Convolutional neural networks (CNNs) are rapidly expanding and being applied to a vast range of applications. Despite its popularity, deploying CNNs on a portable system is challenging due to enormous data volume, intensive computation, and frequent memory access. Hence, many approaches have been proposed to reduce the CNN model complexity, such as model pruning and quantization. However, it also brings new challenges. For example, existing designs usually adopted channel dimension tiling which requires regular channel number. After pruning, the channel number may become highly irregular which will incur heavy zero padding and large resource waste. As for quantization, simple aggressive bit reduction usually results in large accuracy drop. In order to address these challenges, in this work, firstly we propose to use row-based tiling in the kernel dimension to adapt to different kernel sizes and channel numbers and significantly reduce the zero padding.
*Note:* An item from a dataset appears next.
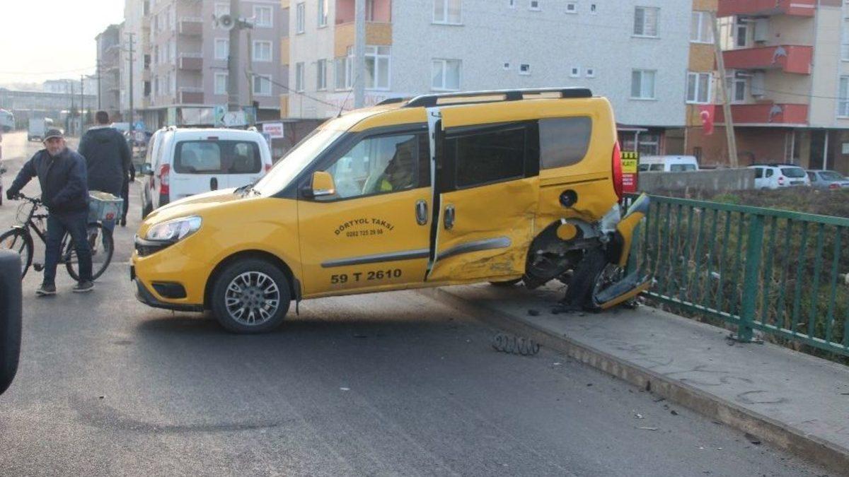 Tekirdağ’ın Çerkezköy ilçesinde kontrolden çıkan otomobil, ticari taksiye ardından 2 kişiye ardından park halindeki bir tıra çarptı. Ticari taksinin dereye düşmekten kıl payı kurtulduğu kazada 2 kişi yaralandı.Edinilen bilgiye göre kaza, Hükümet Caddesi üzerinde meydana geldi. Altıyol kavşağı istikametine giden Gülay U. yönetimindeki 34 HH 600 plakalı otomobil, sürücüsünün direksiyon hakimiyetini kaybetmesi sonucu karşı yönden gelen Sezgin Koru (44) yönetimindeki 59 T 2610 plakalı ticari taksiye, ardından kimliği belirlenemeyen Suriye uyruklu kağıt toplayıcıya, kaldırımda yürüyen Resul Saruhan’a (63)’a son olarak 42 AOA 94 plakalı park halindeki tıra çarptı. Çarpmanın etkisiyle sürüklenen ticari taksi, köprü üzerindeki korkuluklara çarparak dereye düşmekten kıl payı kurtuldu.Kazada kimliği belirlenemeyen Suriye uyruklu kağıt toplayıcı ve Resul Saruhan yaralandı. Yaralılar, çevredekilerin haber vermesiyle gelen sağlık ekipleri tarafından ambulansla Çerkezköy Devlet Hastanesi’ne kaldırıldı. Kazada iki otomobilde hasar gördü. Polis, kazayla ilgili soruşturma başlattı.

Moreover, we developed the configurable processing units (PUs) design which can be dynamically grouped or split to support the tiling flexibility and enable efficient hardware resource sharing. As for quantization, we considered the recently proposed Incremental Network Quantization (INQ) algorithm which uses low bit representation of weights in power of 2 format, and hence is able to represent the weights with minimum computing complexity since expensive multiplication can be transferred into cheap shift operation. We further propose an approximate shifter based processing element (PE) design as the fundamental building block of the PUs to facilitate the convolution computation. At last, a case study of RTL-level implementation of INQ quantized AlexNet is realized on a standalone FPGA, Stratix V. Compared with the state-of-art designs, our accelerator achieves 1.87x higher performance, which demonstrates the efficiency of the proposed design methods.

查看原文本刊更多论文

FPGA上可配置PU的高性价比CNN加速器设计

卷积神经网络(Convolutional neural networks, cnn)正在迅速发展并被广泛应用。尽管cnn很受欢迎，但由于庞大的数据量、密集的计算和频繁的内存访问，在便携式系统上部署cnn是具有挑战性的。因此，人们提出了许多降低CNN模型复杂性的方法，如模型修剪和量化。然而，它也带来了新的挑战。例如，现有的设计通常采用通道尺寸平铺，这需要固定的通道编号。修剪后的通道数可能会变得非常不规则，这将导致大量的零填充和大量的资源浪费。在量化方面，简单的主动降位通常会导致较大的精度下降。为了解决这些问题，在这项工作中，我们首先提出在内核维度上使用基于行的平铺来适应不同的内核大小和通道数，并显著减少零填充。此外，我们还开发了可配置处理单元(pu)设计，可以动态分组或拆分，以支持平铺灵活性和实现有效的硬件资源共享。在量化方面，我们考虑了最近提出的增量网络量化(INQ)算法，该算法使用2次幂格式的低比特表示权重，因此能够以最小的计算复杂度表示权重，因为昂贵的乘法可以转换为便宜的移位操作。我们进一步提出了一种基于近似移位器的处理单元(PE)设计作为处理器的基本构建块，以促进卷积计算。最后，在独立的FPGA Stratix v上实现了INQ量化AlexNet的rtl级实现，与目前的设计相比，我们的加速器的性能提高了1.87倍，证明了所提出的设计方法的有效性。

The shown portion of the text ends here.